This project focuses on detecting duplicate question pairs from the Quora dataset using various machine learning techniques. The goal is to predict whether two questions are semantically similar (duplicates) or not, which is a common natural language processing (NLP) problem.
Quora’s question pairs dataset contains pairs of questions along with labels indicating whether the questions are duplicates. This project explores different approaches to feature extraction and modeling to improve duplicate detection performance.
-
train.csv
The dataset containing question pairs and their duplicate labels. -
initial_EDA.ipynb
Exploratory Data Analysis (EDA) to understand dataset characteristics such as distribution of duplicates and question lengths. -
applying-only-BOW.ipynb
Implements a Bag of Words (BoW) approach to convert text into features, followed by training a classifier. -
applying-BOW-With-basic-features.ipynb
Enhances BoW features by adding basic text features like common word count and question length, improving model performance. -
applying-Word2Vec.ipynb
Uses Word2Vec embeddings to represent questions as dense vectors and applies machine learning models for classification.
- Comprehensive analysis of the Quora question pairs dataset.
- Multiple feature extraction techniques: BoW and Word2Vec embeddings.
- Incorporation of additional textual features to boost model accuracy.
- Step-by-step Jupyter notebooks showcasing model building and evaluation.
- Clone the repository:
git clone https://github.com/TulsiBasetti/Quora-Question-pair-Using-ML.git
- Install the required Python packages (use a virtual environment recommended)
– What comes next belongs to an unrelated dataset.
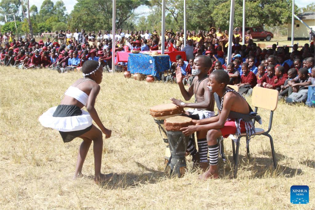 A girl performs a traditional Zimbabwean dance during a China-Zimbabwe cultural exchange event in Goromonzi, a rural community in the East Mashonaland Province, Zimbabwe, on May 23, 2024. Chinese firm Prospect Lithium Zimbabwe (PLZ), together with the Confucius Institute at the University of Zimbabwe, held a cultural exchange event Thursday to mark Africa Day, which is commemorated annually on May 25. (Xinhua/Tafara Mugwara)

pip install -r requirements.txt
- Open and run the Jupyter notebooks in the order:
initial_EDA.ipynb
applying-only-BOW.ipynb
applying-BOW-With-basic-features.ipynb
applying-Word2Vec.ipynb
- Python 3.x
- pandas
- numpy
- scikit-learn
- nltk
- gensim
- matplotlib
- seaborn
- jupyter
- xgboost
The Quora Question Pairs dataset used in this project can be found on Kaggle or included as train.csv
in the repository.